Estabelecidas essas premissas, da análise dos autos, verifica-se que a parte autora teve seu caminhão apreendido pelo IBAMA quando realizava frete de madeira/lenha para terceira pessoa. Ocorre que, mesmo após o IBAMA solicitar, através de decisão administrativa informada através de ofício ao DETRAN, a baixa na restrição, o DETRAN deixou de promover a baixa causando, com sua omissão específica, dano ao autor que utiliza-se do caminhão para realização de frete, fatos esses que não foram contestados pelo DETRAN, motivo pelo qual os tenho por hígidos.
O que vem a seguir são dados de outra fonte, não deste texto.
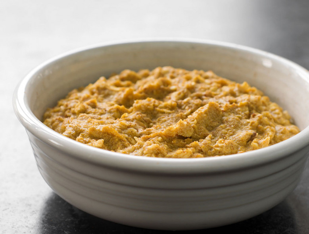 Baked Pumpkin Oatmeal Ingredients: 2 cups old-fashioned rolled oats, uncooked (not quick cooking) 1/4 cup low-calorie brown sugar sweetener blend (or 1/8 cup brown sugar) 1 tsp. ground cinnamon 1/8 tsp. ground nutmeg 1 tsp. baking powder 1 cup skim milk 1 tsp. vanilla extract 1 cup pureed pumpkin 1 Tbsp. canola oil 1 egg,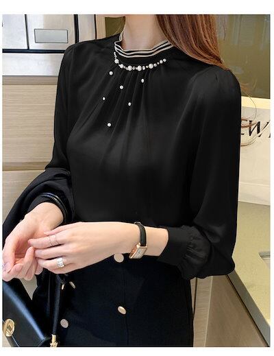 パール付き ブラウス 立ち襟ブラウス レディース シフォン プルオーバー ブラウス フロントタック 通勤 トップス 長袖 オフィス 仕事 事務所 ベーシック スーツインナー フェミニン エレガント 春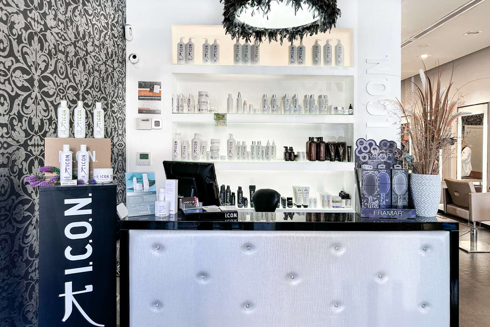 * Área de recepción con mostrador y zona de espera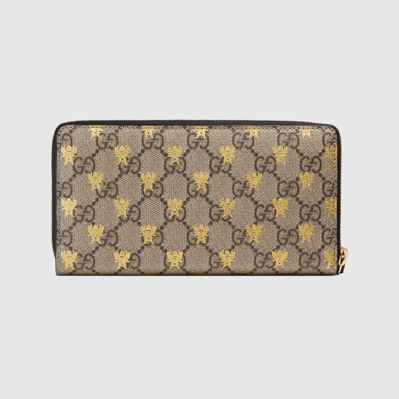 The GG Supreme wallet is enriched with allover gold printed bees鈥攁 historical symbol from the House archives, first introduced in the 1970s.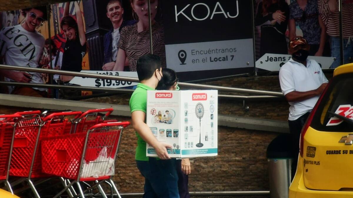 En algunos centros comerciales de la ciudad y su área metropolitana se ven filas de ingreso para comprar productos. La jornada avanza con normalidad.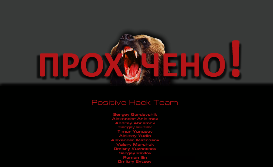 Подробное описание по всем заданиям CTF, описание хода соревнования в хронологическом порядке, видео-компиляции и фотоальбомы будут опубликованы в течение месяца.
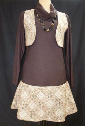 べージュのロングスカートをほどいてベストとスカートの部分に利用しました。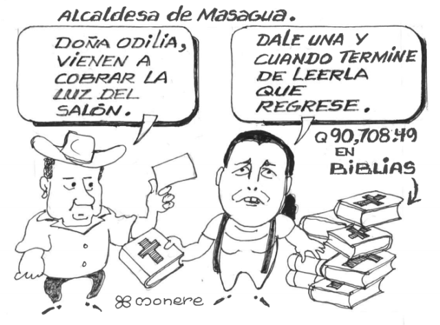 La exfuncionaria fue cuestionada en 2014 por obsequiar biblias a los pastores del municipio, la comuna pagó por ellas Q90,708.49. Ojoconmipisto la cuestionó por esta compra, se justificó en que fueron a manos de 1 mil 700 jóvenes de un instituto en el que un pastor, un sacerdote católico y un motivador les impartían charlas e incentivaban para que “no tomaran el rumbo del alcohol, ni de alguna droga, sino de decidir ser exitosos en la vida. El primer principio de la vida es tener la convicción de que Dios es real”.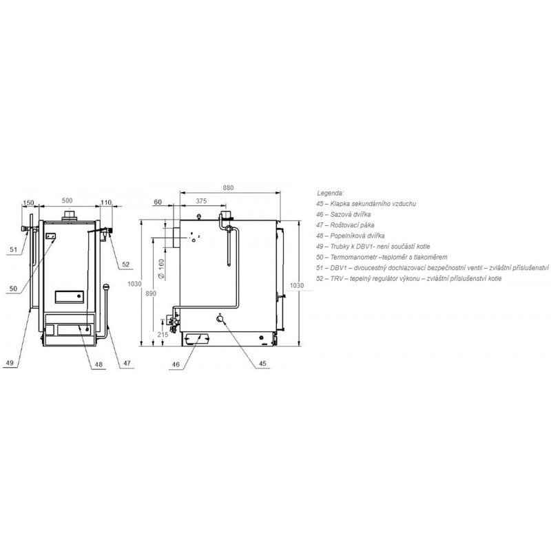 Regulácia sekundárneho vzduchu privádzaného do spaľovacej komory zvyšuje účinnosť kotla. Primárny vzduch je privádzaný pod rošt regulovateľnou klapkou v popolníkových dvierkach. Regulácia sa vykonáva ručne alebo automatickým regulátorom, ktorý je súčasťou ceny kotla. Vstup a výstup vykurovacej vody je opatrený prírubami DN 65. Dymovod je v osi kotla na zadnej strane. Zatápacou klapka sa ovláda z boku kotla. Sadzové otvory pre čistenie kotly sú na kotle umiestnené z oboch strán.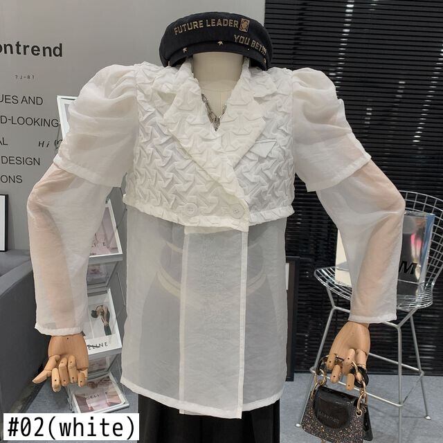 [EWQ] 夏メッシュ透視シャツ パッチワーク 長袖 ゆったり カジュアル ブラウス トップス 夏潮 ワンボタン トップス 21 ロング サマー 夏物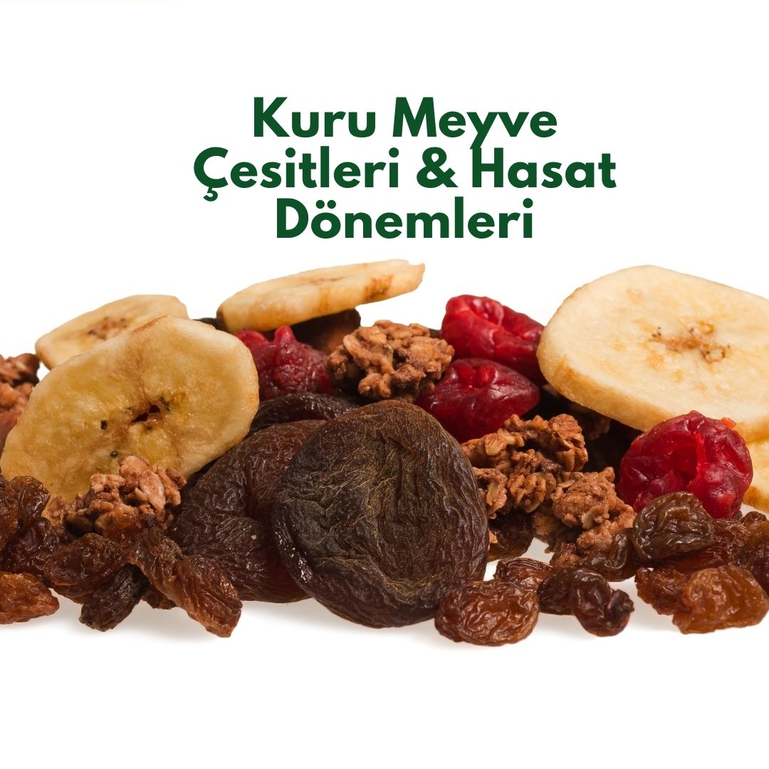 Kuru meyveler, meyvelerin suyunun alınması veya doğal olarak kurutulmasıyla elde edilen besleyici ve lezzetli atıştırmalıklardır. İşte yaygın olarak bilinen kuru meyve çeşitleri ve hasat dönemleri: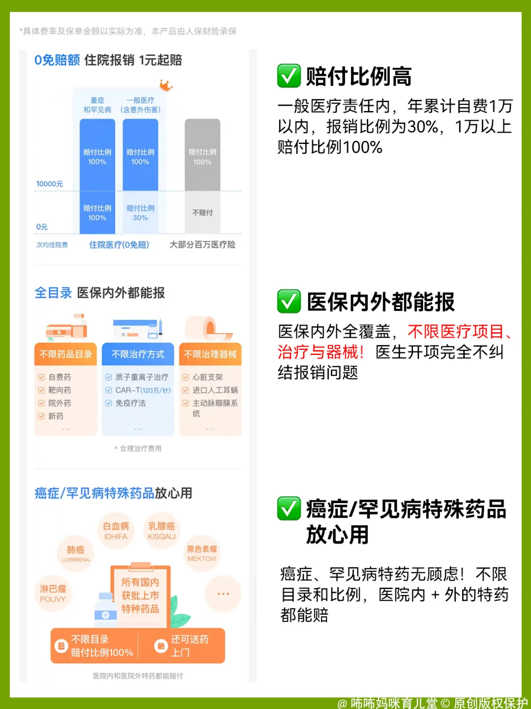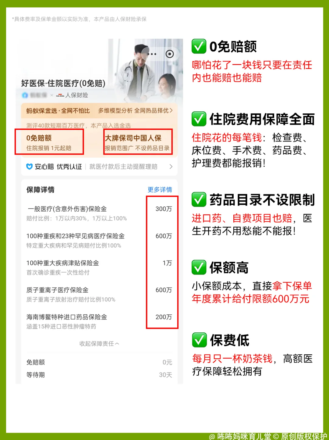 而它每个月只需要1杯奶茶钱!性价比太高了!且报销范围全,宝宝做的检查和药品费也包含在内。
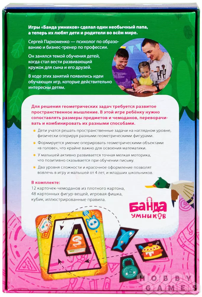 В процессе игры ребята научатся оперировать геометрическими объектами, сначала на физическом уровне, а со временем "в голове"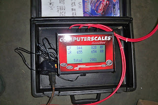 And thanks to our friend Dan, we got to play around and weigh the car, in an attempt to see if we had roughly the right springs in the car.  Under 3000lbs isn't bad if you consider where the car started!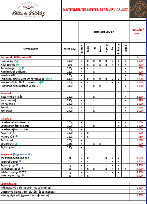 Gluténmentes kenyerek, pékáruk, édességek

Ora, é evidente o dever de indenizar da Autarquia Estadual, por ser manifesta sua falha e mau funcionamento dos serviços prestados pelo DETRAN/PI, eis que deixou de efetivar a baixa na restrição solicitada pelo IBAMA, situação essa que é suficiente para caracterizar grave abalo da dignidade, do bem estar e do sossego.
Outrossim, relativamente à prova do dano moral, esta se torna desnecessária, ante às circunstâncias do caso concreto. Nesse sentido, o magistério de SERGIO CAVALIERI FILHO: “(...) o dano moral está ínsito na própria ofensa, decorre da gravidade do ilícito em si”. O mesmo autor elucida que, “em outras palavras, o dano moral existe in re ipsa, deriva inexoravelmente do próprio fato ofensivo, de tal modo que, provada a ofensa, ipso facto, está demonstrado o dano moral à guisa de uma presunção natural, uma presunção hominis ou facti, que decorre das regras de experiência comum” (in Programa de responsabilidade Civil, Editora Malheiros, 2ª Edição, p. 80).
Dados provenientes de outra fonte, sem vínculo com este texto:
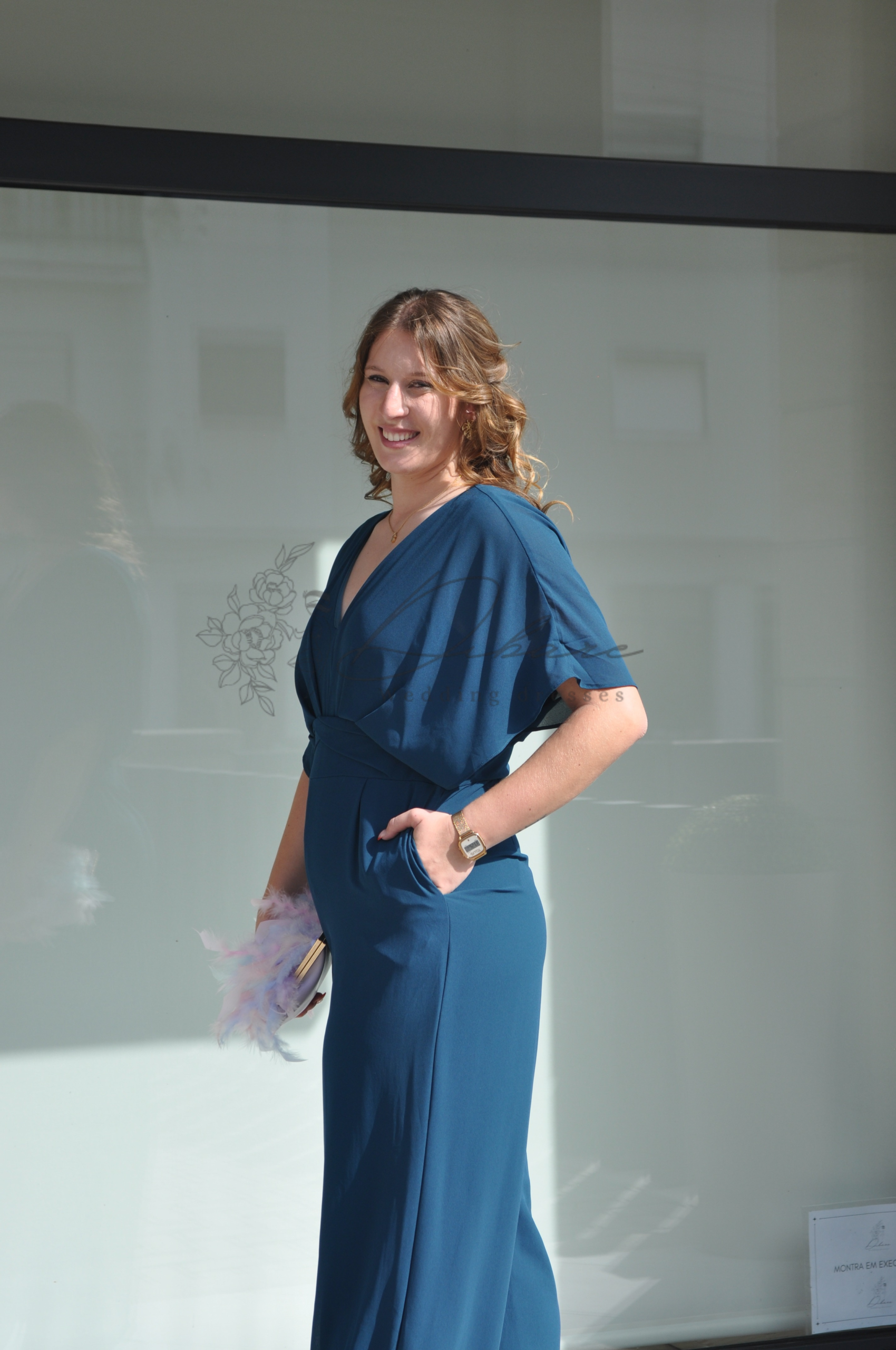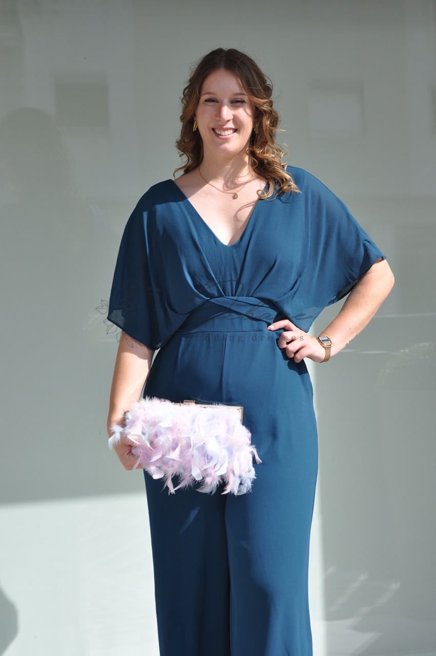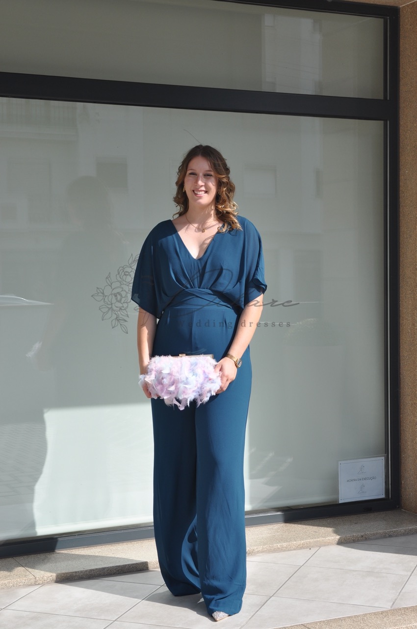 Descubra a combinação perfeita de conforto e glamour com este macacão elegante, ideal para quem procura uma alternativa sofisticada ao vestido tradicional. Apresentado numa tonalidade azul petróleo intensa e rica, este macacão é uma peça de vestuário versátil e moderna, perfeita para casamentos ou eventos formais. O design destaca-se pelo seu corpete fluido com mangas estilo morcego, que proporcionam um movimento leve e uma cobertura elegante. A cintura é marcada com um cinto largo ou faixa envolvente, realçando a silhueta de forma lisonjeira e criando uma separação harmoniosa entre o top e as calças. As calças, de corte reto e amplo, oferecem um caimento alongado e uma sensação de luxo descontraído. O decote em V confere um toque feminino e permite a adição de joalharia.

Não obstante, a reparação deve ser suficiente para reparar o dano, porém, não pode propiciar o enriquecimento sem justa causa, repudiado pelo ordenamento jurídico. Assim, o arbitramento judicial do montante da indenização deve considerar as consequências do ocorrido, a posição e qualificação em termos socioeconômico e profissional das partes envolvidas, a necessidade de um valor com caráter retributivo-compensatório da dor e tribulação suportada e repressivo-censório da conduta omissiva, evitando novas e desagradáveis práticas congêneres, contudo pautando-se pela moderação e serenidade, para afastar uma suposta fonte de espoliação por enriquecimento injustificado. Assim, as condições pessoais e econômico-financeiras dos envolvidos, assim como o grau da ofensa moral, sua repercussão perante terceiros e perante as pessoas do convívio dos envolvidos, devem levar a se fixar a indenização de forma moderada, justa e correspondente ao dano moral efetivamente sofrido.
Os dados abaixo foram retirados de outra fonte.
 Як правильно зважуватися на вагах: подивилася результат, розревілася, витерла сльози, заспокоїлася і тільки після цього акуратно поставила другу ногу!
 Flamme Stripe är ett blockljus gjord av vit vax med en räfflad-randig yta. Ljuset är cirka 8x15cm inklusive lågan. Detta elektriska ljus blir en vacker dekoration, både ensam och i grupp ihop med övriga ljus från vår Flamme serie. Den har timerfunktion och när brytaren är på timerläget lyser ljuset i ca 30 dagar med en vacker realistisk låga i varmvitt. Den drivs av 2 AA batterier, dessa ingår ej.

Destarte, considerando-se as circunstâncias descritas nos autos, as condições das partes, bem como o caráter punitivo dos danos, a fim de que fatos como este não mais ocorram, estabeleço o valor de R$ 10.000,00 (dez mil reais), a título de indenização por danos morais, a ser pago pelo DETRAN, responsável pelo transtorno sofrido e que gerou ao autor o dano moral.
Melhor sorte, contudo, não assiste a parte autora quanto ao pedido de dano material.
Quanto ao dano material verifico que, não obstante ter pleiteado, deixou de comprová-lo, impondo-se, assim, a improcedência quanto a esse pedido.
Neste sentido:
HABILIDADE CIVIL. ACIDENTE DE TRÂNSITO. DANOS MATERIAIS. NECESSIDADE DE COMPROVACAO. E PRESSUPOSTO IMPRESCINDIVEL PARA A INDENIZACAO, A DEVIDA COMPROVACAO DOS DANOS MATERIAIS OCASIONADOS PELO ACIDENTE. RECURSO DESPROVIDO. LEGISLACAO: CPC - ART 333, I. DOUTRINA: DIAS, AGUIAR - DA RESPONSABILIDADE CIVIL, 1995, ED FORENSE, VOL I, P 86. JURISPRUDNECIA: RF 194/258. RT 568/167. (TJ-PR - AC: 919424 PR Apelação Cível - 0091942-4, Relator: Rosene Arão de Cristo Pereira, Data de Julgamento: 27/06/1996, Segunda Câmara Cível (extinto TA))
Ante o exposto, em relação ao DETRAN, JULGO PARCIALMENTE PROCEDENTES os pedidos da inicial, para: a) condenar o requerido DETRAN a proceder, no prazo de 10 dias, a baixa das restrições motivadas pelo IBAMA/PI, conforme Decisão Administrativa referente ao Processo nº 02581.000017/2012-41, juntada aos autos; b) condenar a parte requerida a indenizar a parte autora pelos danos morais sofridos, no valor de R$ 10.000,00 (dez mil reais), importância essa a ser monetariamente corrigidas e acrescidas de juros, nos moldes do art. 1º- F da Lei nº 9494/97, a partir da data da prolação da sentença até o efetivo pagamento (Súmula nº 362 do STJ), EXTINGUINDO o processo com resolução do mérito, na forma do art. 487, I do Código de Processo Civil. CONDENO o réu ao pagamento dos honorários advocatícios, que ora arbitro em 10% (dez por cento) sobre o valor da condenação (CPC, art. 85, § 2º). Em relação ao Estado do Piauí, JULGO EXTINTO o processo sem resolução do mérito, na forma do art. 485, VI do CPC.
P.R.I.
Deixo de submeter a presente sentença ao duplo grau de jurisdição, por força do disposto no artigo 496, parágrafo 3º, inciso II, do Código de Processo Civil.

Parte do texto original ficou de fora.